Step 6 Hospital ranking algorithm We ran VADER (Valence Aware Dictionary and sEntiment Reasoner) sentiment analysis on patient reviews, extracting sentence level sentiment scores for specialty specific mentions. For each hospital specialty pair, we computed a weighted specialty score combining sentiment strength, mention count, and a confidence weight based on review volume. We then built a 7 factor composite ranking score incorporating: VADER specialty sentiment, Google rating, log normalized review count, NABH accreditation bonus, primary specialty focus (specificity score based on number of specialties a 4 specialty hospital is more focused than a 14 specialty one), doctor reputation from review mentions, and a market alignment score derived from structural hospital signals. The ranking surfaces the top 2 review validated hospitals followed by 3 market aligned hospitals, ensuring a mix of review backed and structurally strong suggestions. For rare specialties like Neurology and Oncology where review data is sparse, we implemented association rule mining on NABH specialty co occurrence patterns to build fallback mappings if a hospital has strong cardiac review scores, it likely also delivers quality neuro care.
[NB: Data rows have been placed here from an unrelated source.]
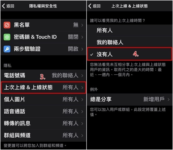 2、接下来请找到「上次上线&上线状态」的选项,然后在「谁可以看见我的上次上线时间」区域里,把原本默认的「所有人」调整为「没有人」。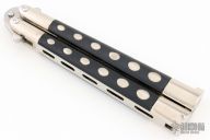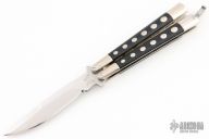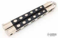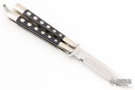 This Balisong by Benchmade features a polished Weehawk blade with false top edge. The handles are chrome plated zinc with black plastic inlays. Has some light scratches, otherwise excellent condition. Comes with original sheath and a Benchmade box from the right era, but it is for a Model 35s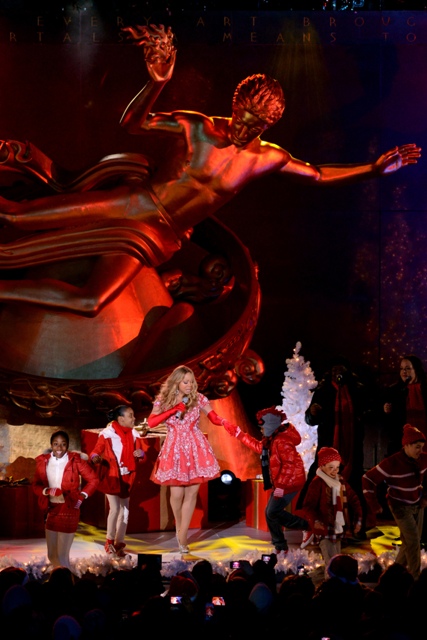 Mimi sang the lights on at Rockefeller Centre yesterday. The performance was taped to be broadcast tonight. It was All I Want For Christmas, obviously. Is that her most lucrative song? It has to be. How many butterflies have been rescued by that song?

Step 7 Doctor recommendation engine Doctor names mentioned in patient reviews were extracted and deduplicated using prefix and last name matching. Each doctor was scored by the sentiment of reviews mentioning them and the number of mentions, producing a ranked list of up to 3 recommended doctors per hospital specialty combination.

Step 8 MCP server and agent integration With the core engine built, we exposed all capabilities as a Model Context Protocol (MCP) server with 13 tools covering cost estimation, insurance gap analysis, hospital search, specialty hospital ranking, doctor recommendations, clinical pathways, procedure variants, rate card lookup, and input validation. The MCP server was integrated into the Prompt Opinion platform as a BYO Agent with FHIR Context Extension enabled, A2A communication active, and a structured system prompt guiding tool orchestration. The agent was published to the Prompt Opinion Marketplace, making it discoverable and invokable by other agents in the ecosystem.

Challenges we ran into

Data quality at scale. The NABH dataset contained significant noise duplicate hospital entries under slightly different names, incorrect or missing lat/long coordinates, inconsistent specialty code formats, and outdated contact information. Cleaning this required a multi pass pipeline: fuzzy name deduplication, Google Places API verification for coordinates and names, regex normalization of specialty codes, and manual spot checking of high frequency errors.

Tier classification boundary problem. The initial 4 tier system collapsed too many distinct hospital archetypes into the same category. The jump from CGHS rates to actual market prices is not uniform a Boutique Super Specialty ortho hospital charges very differently from a large Tertiary Corporate chain for the same procedure, even within the same city. Getting the 6 tier classification right required multiple iterations of signal weighting and validation against known hospital benchmarks.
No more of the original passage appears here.